News reports said he died a few moments later, and that the suspect was identified as a 36-year-old Romanian woman who had been trying to get in contact with the monk. She is in custody, and French officials have charged her and ordered that she receive a psychiatric evaluation.
Brother Roger was born Roger Schutz in 1915, in the small town of Provence, Switzerland. His father was a Swiss Reformed pastor and his mother was a French Protestant.
His father encouraged the mystical side of his son's faith. As World War II was getting underway in 1940, the younger Schutz rode across the French border on a bicycle and chose the town of Taizé to establish a community designed to foster peace and reconciliation.
Brother Roger said he chose the location of the monastery to express solidarity with the French, who at the time were subject to Nazi rule. Due to his activities during that time — which included sheltering Jews in Taizé — German officials expelled him from France for a time. He sought refuge in his home country.
After the war, he returned to Taizé, and the monastic community gained in notoriety. Its message of peace and reconciliation especially became popular with young people beginning in the 1960s. While it only has about 100 monks from 25 different nations, the community regularly attracts 100,000 pilgrims a year who come to Taizé to meditate, pray and learn. During the summer, the weekly retreat crowds can number 6,000, mostly young adults who camp out in the tiny French town.

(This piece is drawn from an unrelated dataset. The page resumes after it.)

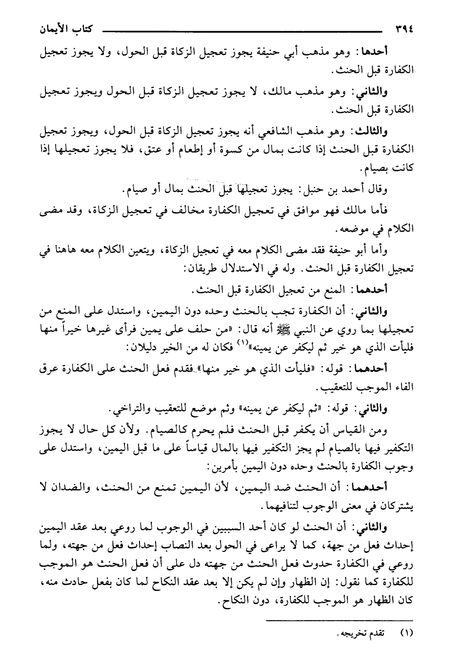 وأما أبو حنيفةً فقد مضى الكلام معه في تعجيل الزكاةً، ويتعين الكلام معه هاهنا في تعجيل الكفارةً قبل الحنث. وله في الاستدلال طريقان: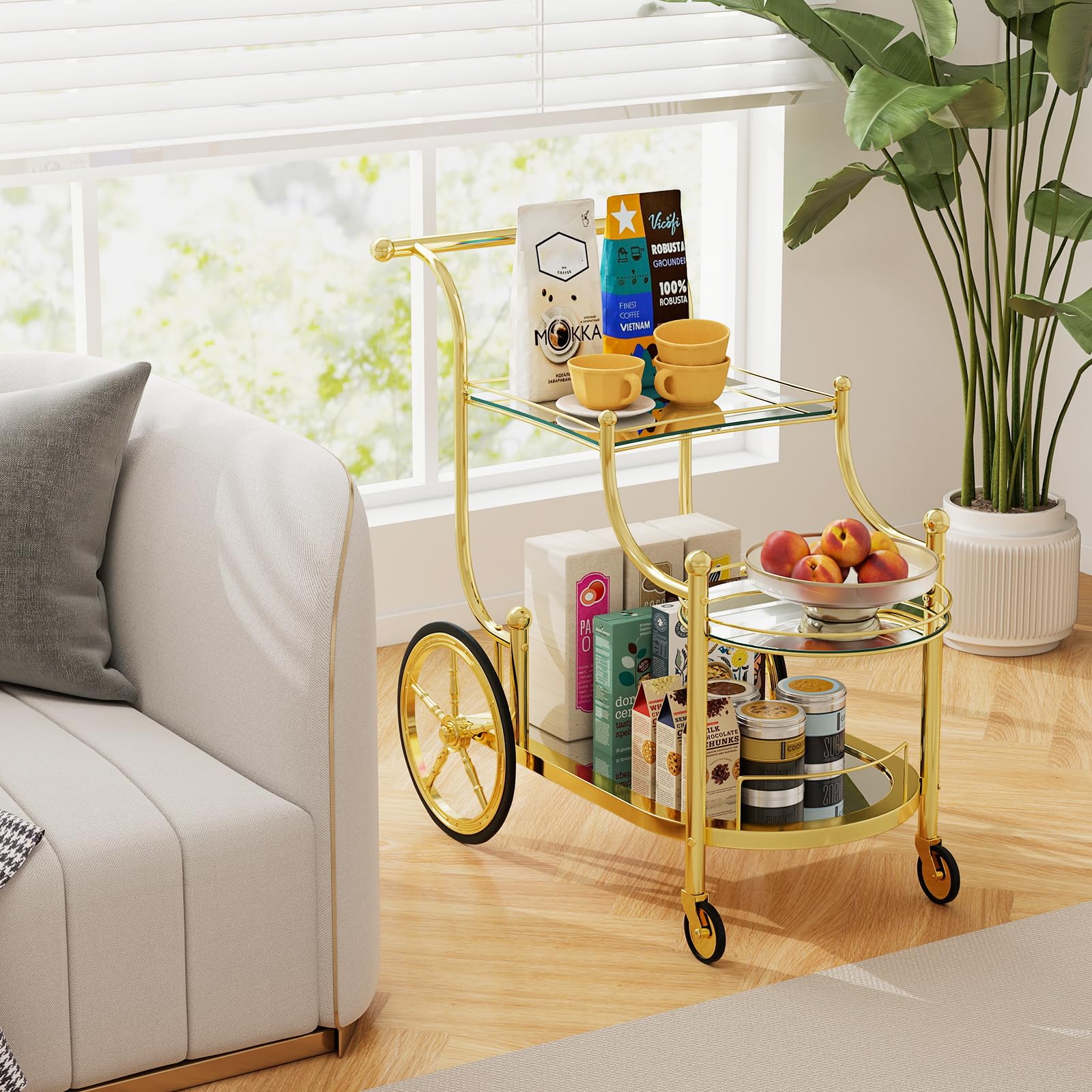 This elegant 3-tier rolling bar cart combines functionality with sophisticated design, perfect for entertaining and serving beverages in style. Featuring mirrored shelves that add a touch of glamour and reflect light beautifully, this mobile cart brings both practicality and visual appeal to any space.

The Taizé monks' distinctive worship style — mostly original, meditative songs sung in repetitive fashion in many languages and reflecting many Christian traditions — has spread around the world. An open-air service in Paris in 2003 drew 80,000 people. Many American churches, including some Baptists, use Taizé style for contemplative worship services.

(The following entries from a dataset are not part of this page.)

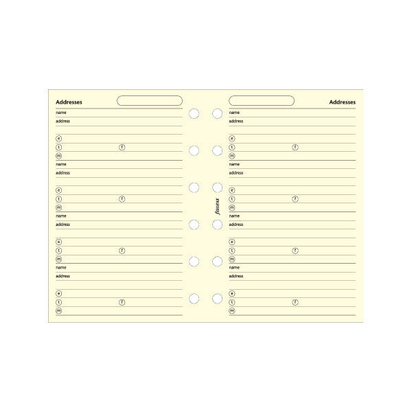Filofax Pocket Address-sider er den ideelle måde at organisere dine kontakter på. Disse sider i Pocket format (12x8cm) er designet til at passe perfekt ind i din Filofax Pocket kalenderomslag og giver dig mulighed for nemt at opbevare og opdatere dine vigtige kontaktoplysninger. Med plads til navne, adresser, telefonnumre og e-mails sikrer disse sider, at du altid har dine kontakter lige ved hånden og organiseret på en praktisk måde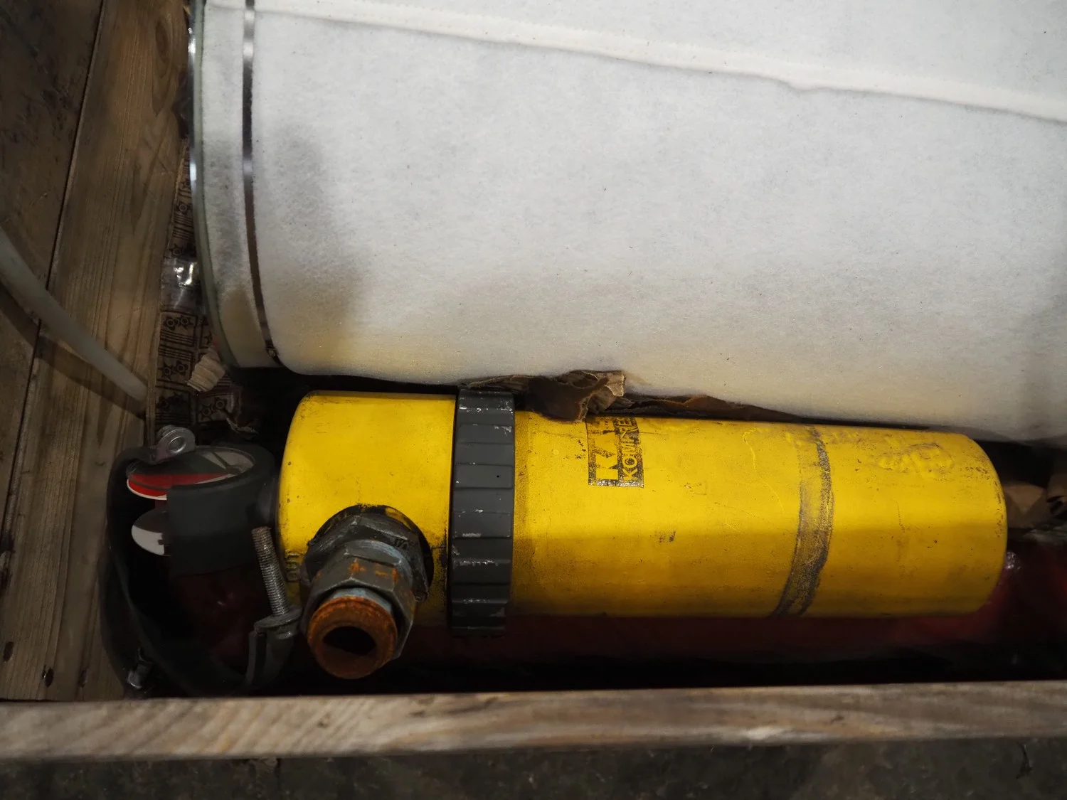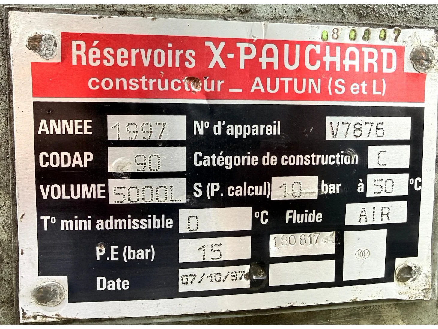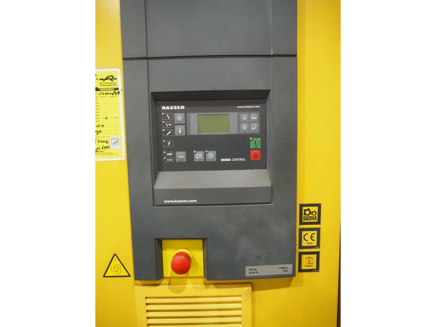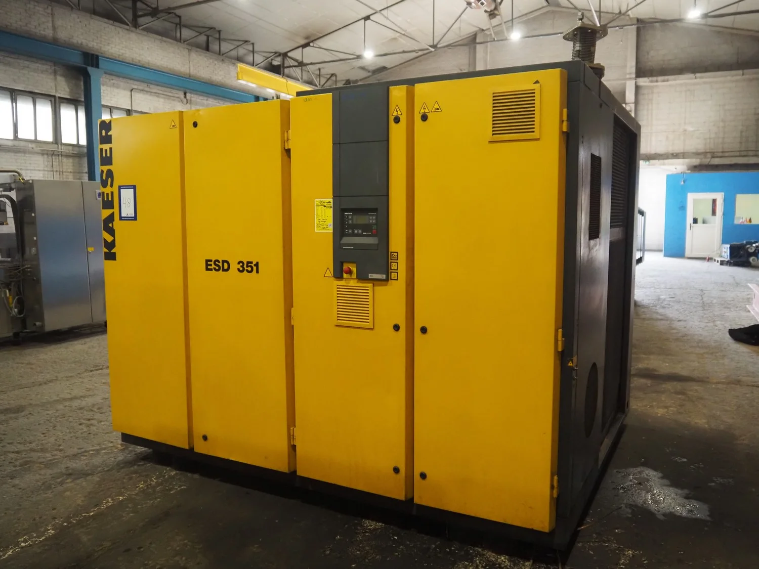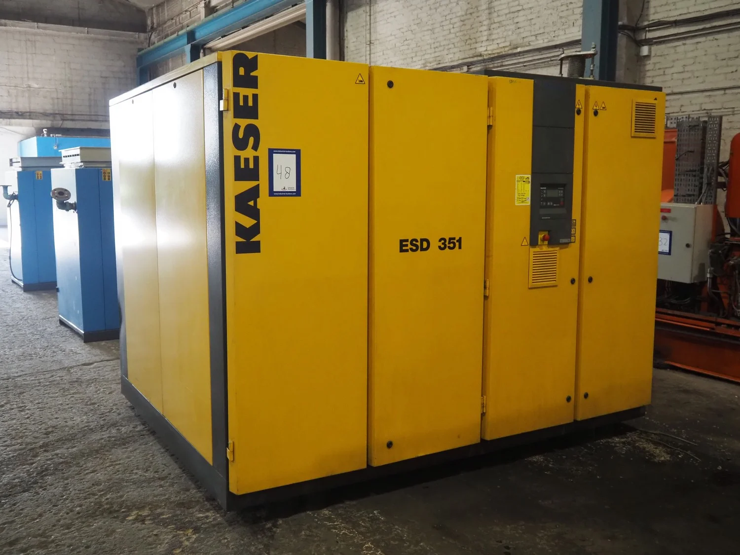 Kaeser kompressoren GmbH screw air compressor, model: ESD 351, serial number: 1073, year of construction: 2007, 400 V, 3 Ph, 50 Hz, 410 A, 200 kW, dimensions: 2650 mm x 2200 mm x 2350 mm. Including steel pressure vessel, number: 136 195, volume: 5000 liter, dimensions: ⌀ 1400 mm x 3900 mm, pallet with parts and switch cabinet, dimensions: 600 mm x 400 mm x 800 mm.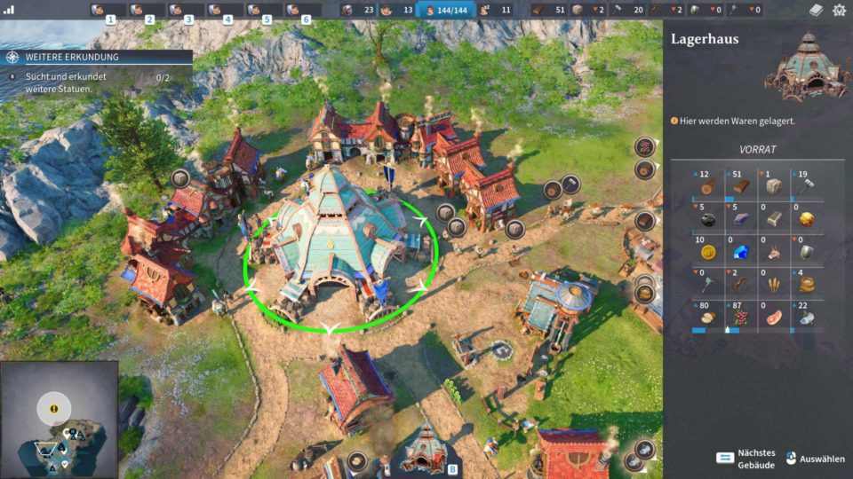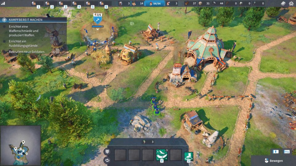 Die Atmosphäre passt eigentlich, grafisch ist alles toll und detailliert in Szene gesetzt und es macht sofort Spaß die Einwohner herumwuseln zu sehen. Die Umgebung ist stimmig, Hirsche spazieren durch den Welt und im Wasser sind die Fische zu beobachten. Die drei im Spiel vorkommenden Völker unterscheiden sich auch grafisch schön voneinander und so geht die Arbeit schnell voran. Aber leider auch irgendwie „zu einfach“, das Spiel nimmt uns viel ab und zusätzlich können stellenweise Aufgaben auch noch „automatisiert“ werden, wie z.B. die Rekrutierung und das Training von Soldaten, die das Spiel dann von selbst trainiert, solange eben genug Waffen zur Verfügung stehen.

Shortly after Brother Roger's death, the monastery announced that his hand-picked successor, 51-year-old Brother Alois, had assumed duties as the leader of the community.
Worldwide, a variety of Christian leaders expressed shock and sympathy for the Taizé monks.
Pope Benedict XVI, during his weekly address at his summer villa south of Rome Aug. 17, noted that he had only the day before received a “very moving and very friendly” letter from Brother Roger about the Catholic Church's World Youth Day. The event was being held Aug. 18 in Cologne, Germany. Brother Roger, who had been a longtime supporter of the event, had written the pontiff to say he regretted that his health would not allow him to attend, according to Catholic News Service.
Benedict told his audience, “Brother Roger is in the hands of eternal goodness and eternal love, and has arrived at eternal joy.”
Bishop William Skylstad of the Catholic Diocese of Spokane, Wash., head of the United States Conference of Catholic Bishops, wrote to Brother Alois to express the American Catholic Church's sympathy.
“We assure you and the community of our profoundest sentiments as we share in your suffering and loss,” he wrote. “One with Brother Roger and the community in a firm faith in the Resurrection, we recommit ourselves to the communion to which he bore witness in life and death.”
Archbishop of Canterbury Rowan Williams, head of the Church of England, said that Brother Roger's death was an “indescribable shock.” He added, “the shock and trauma for the community at Taizé will be heavy — and it will be for all the young people who witnessed this event. All of them are in our prayers.”